• WORK TO BE COMPLETED
Beginning with the first entry, restate the data word for word and leave out the images.

• INPUT RECORDS
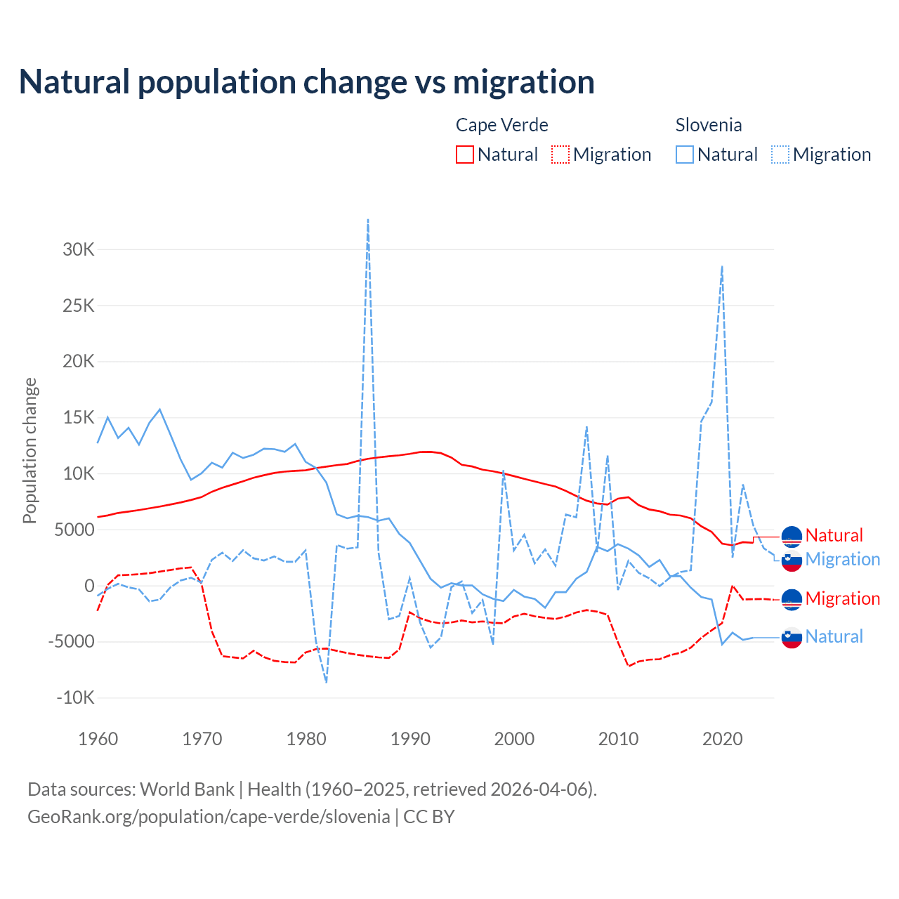 Over the last 10 years, 56.4% of the population change in Cape Verde is from natural causes (a gain of 50,193 people) and 43.6% is from migration (a loss of 38,879 people). In Slovenia 18.1% is from natural causes (a loss of 17,573 people) and 81.9% is from migration (a gain of 79,532 people).
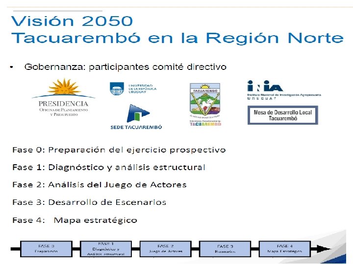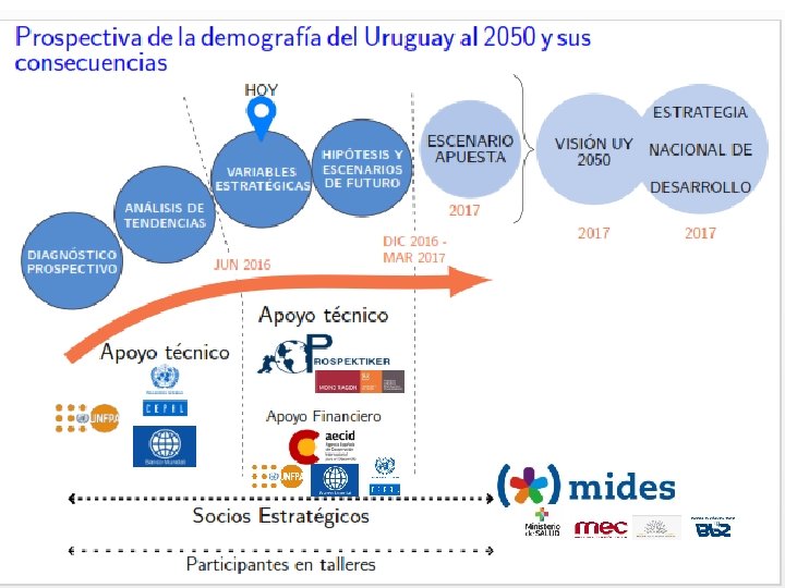 Pensar el largo plazo • Voluntad política: anticipar los futuros para implementar políticas (PLANIFICAR) • Algunos Antecedentes en Uruguay: – Comisión de Inversiones y Desarrollo Económico (CIDE) (1960 -1967) – Uruguay 2025: Economía, Población y Territorio, (DINOT, MVTOMA) (2004) – Estrategia Uruguay III Siglo (2030) (OPP) (2008)
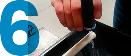 새 그립 안쪽에 미네랄 스피릿 그립 용제를 넉넉히 부어 줍니다.
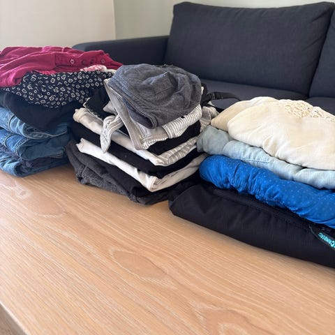 Noen plagg er godt brukt og har bruksmerker, en god del er knapt brukt eller ubrukt.
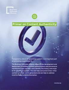 BSA supports the development and deployment of reliable content authentication and provenance mechanisms that can help users identify the history and origin of AI-generated content.
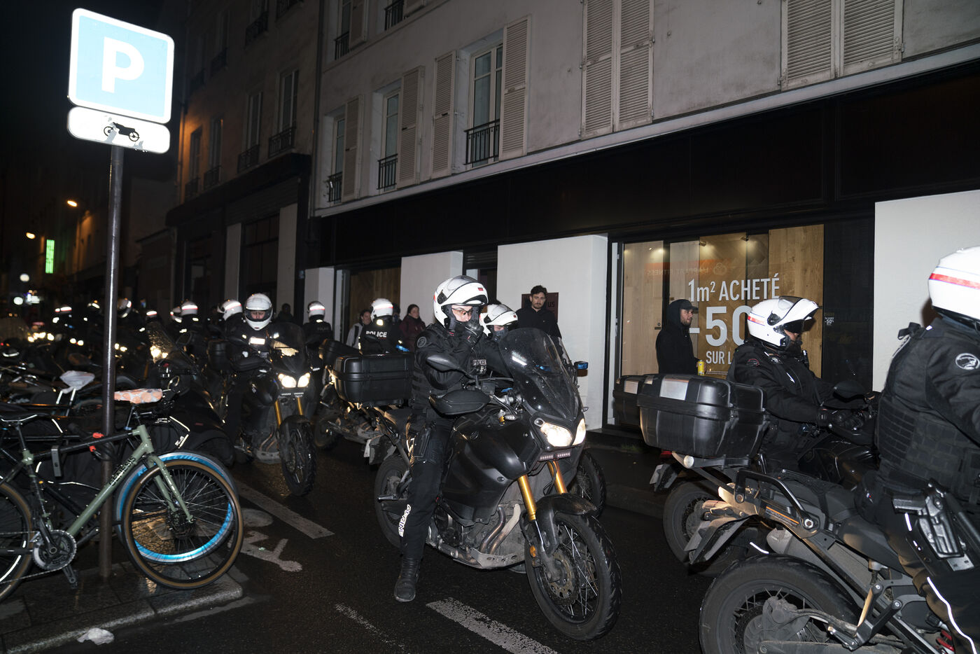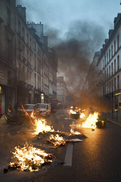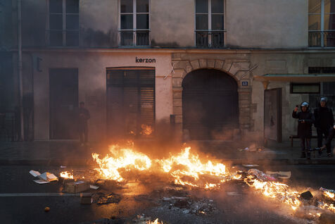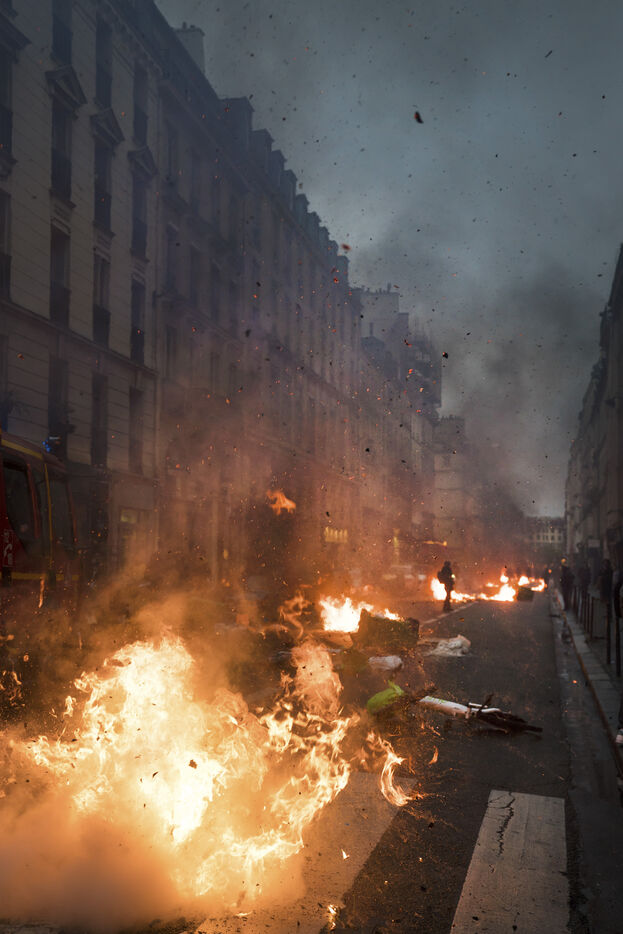 Manifestation après la décision du Conseil Constitutionnel concernant la réforme des retraites. Les manifestants ont de nouveau pris les rues de Paris, allumant de nombreux feux après que le Conseil Constitutionnel ait validé l'essentiel de la réforme des retraites. Vendredi 14 avril 2023.
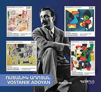 Arshile Gorky (/ˈɑːrʃiːl ˈɡɔːrki/ AR-sheel GOR-kee; born Vostanik Manoug Adoian, Armenian: Ոստանիկ Մանուկ Ատոյեան; April 15, 1904 – July 21, 1948) was an Armenian-American painter who had a seminal influence on Abstract Expressionism. He spent the last years of his life as a national of the United States.[1] Along with Mark Rothko, Jackson Pollock and Willem de Kooning, Gorky has been hailed as one of the most powerful American painters of the 20th century. The suffering and loss he experienced in the Armenian genocide had crucial influence on Gorky's development as an artist.
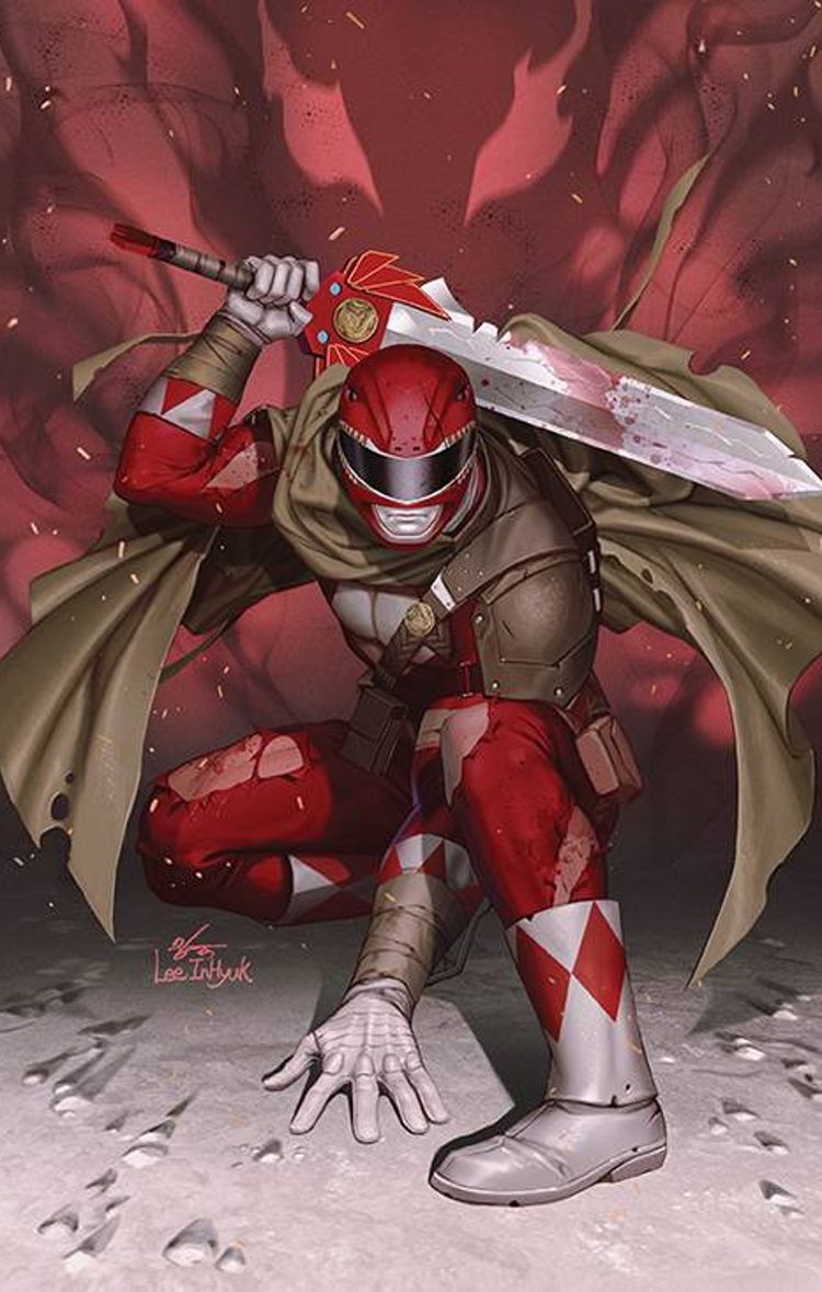 El traje de vigilante de Jason recibe una gran atención gracias a la portada variante de InHyuk Lee de Mighty Morphin Power Rangers: El regreso #2, que se lanzará el 13 de marzo. La portada ofrece a los lectores una mirada más cercana al uniforme actualizado del Red Ranger, esta vez con su característica espada cubierta de sangre.
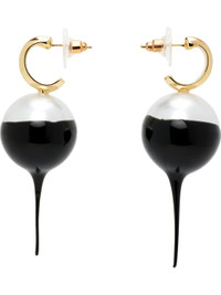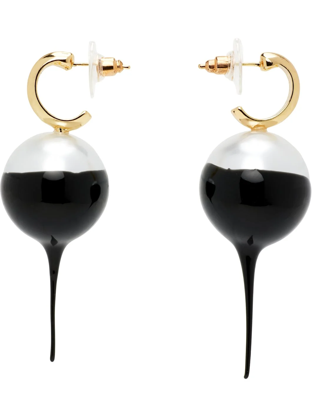 Pair of open hoop earrings in gold tone. · Rubber-dipped faux-pearl charm · Post-stud fastening · H2.25" x W0.75" Each item is unique. Please note finishings may vary. Supplier color: Gold/Black Metal, rubber. Made in Greece 252016F022002
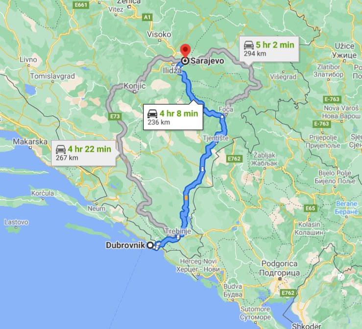 Here on this page we provide the price and details for long distance transfer from well known Dubrovnik, located in Croatia, to the popular destination, Sarajevo, located in Bosnia and Herzegovina.
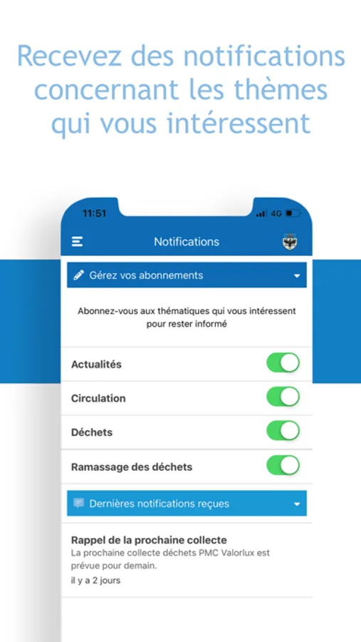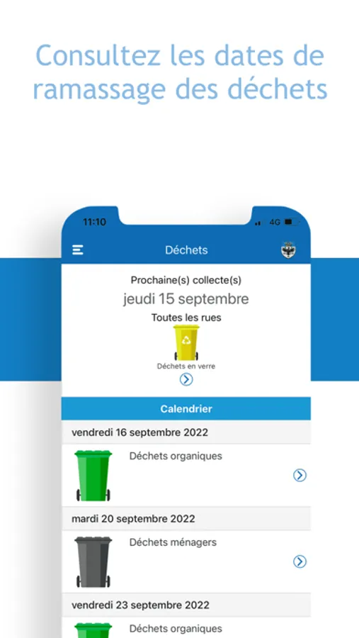 - Accédez aux dates des ramassages des déchets et recevez une notification pour vous rappeler de sortir les poubelles

• RESPONSE BOX
 Over the last 10 years, 56.4% of the population change in Cape Verde is from natural causes (a gain of 50,193 people) and 43.6% is from migration (a loss of 38,879 people). In Slovenia 18.1% is from natural causes (a loss of 17,573 people) and 81.9% is from migration (a gain of 79,532 people).
 Pensar el largo plazo • Voluntad política: anticipar los futuros para implementar políticas (PLANIFICAR) • Algunos Antecedentes en Uruguay: – Comisión de Inversiones y Desarrollo Económico (CIDE) (1960 -1967) – Uruguay 2025: Economía, Población y Territorio, (DINOT, MVTOMA) (2004) – Estrategia Uruguay III Siglo (2030) (OPP) (2008)
 새 그립 안쪽에 미네랄 스피릿 그립 용제를 넉넉히 부어 줍니다.
 Noen plagg er godt brukt og har bruksmerker, en god del er knapt brukt eller ubrukt.
 BSA supports the development and deployment of reliable content authentication and provenance mechanisms that can help users identify the history and origin of AI-generated content.
 Manifestation après la décision du Conseil Constitutionnel concernant la réforme des retraites. Les manifestants ont de nouveau pris les rues de Paris, allumant de nombreux feux après que le Conseil Constitutionnel ait validé l'essentiel de la réforme des retraites. Vendredi 14 avril 2023.
 Arshile Gorky (/ˈɑːrʃiːl ˈɡɔːrki/ AR-sheel GOR-kee; born Vostanik Manoug Adoian, Armenian: Ոստանիկ Մանուկ Ատոյեան; April 15, 1904 – July 21, 1948) was an Armenian-American painter who had a seminal influence on Abstract Expressionism. He spent the last years of his life as a national of the United States.[1] Along with Mark Rothko, Jackson Pollock and Willem de Kooning, Gorky has been hailed as one of the most powerful American painters of the 20th century. The suffering and loss he experienced in the Armenian genocide had crucial influence on Gorky's development as an artist.
 El traje de vigilante de Jason recibe una gran atención gracias a la portada variante de InHyuk Lee de Mighty Morphin Power Rangers: El regreso #2, que se lanzará el 13 de marzo. La portada ofrece a los lectores una mirada más cercana al uniforme actualizado del Red Ranger, esta vez con su característica espada cubierta de sangre.
 Pair of open hoop earrings in gold tone. · Rubber-dipped faux-pearl charm · Post-stud fastening · H2.25" x W0.75" Each item is unique. Please note finishings may vary. Supplier color: Gold/Black Metal, rubber. Made in Greece 252016F022002
 Here on this page we provide the price and details for long distance transfer from well known Dubrovnik, located in Croatia, to the popular destination, Sarajevo, located in Bosnia and Herzegovina.
 - Accédez aux dates des ramassages des déchets et recevez une notification pour vous rappeler de sortir les poubelles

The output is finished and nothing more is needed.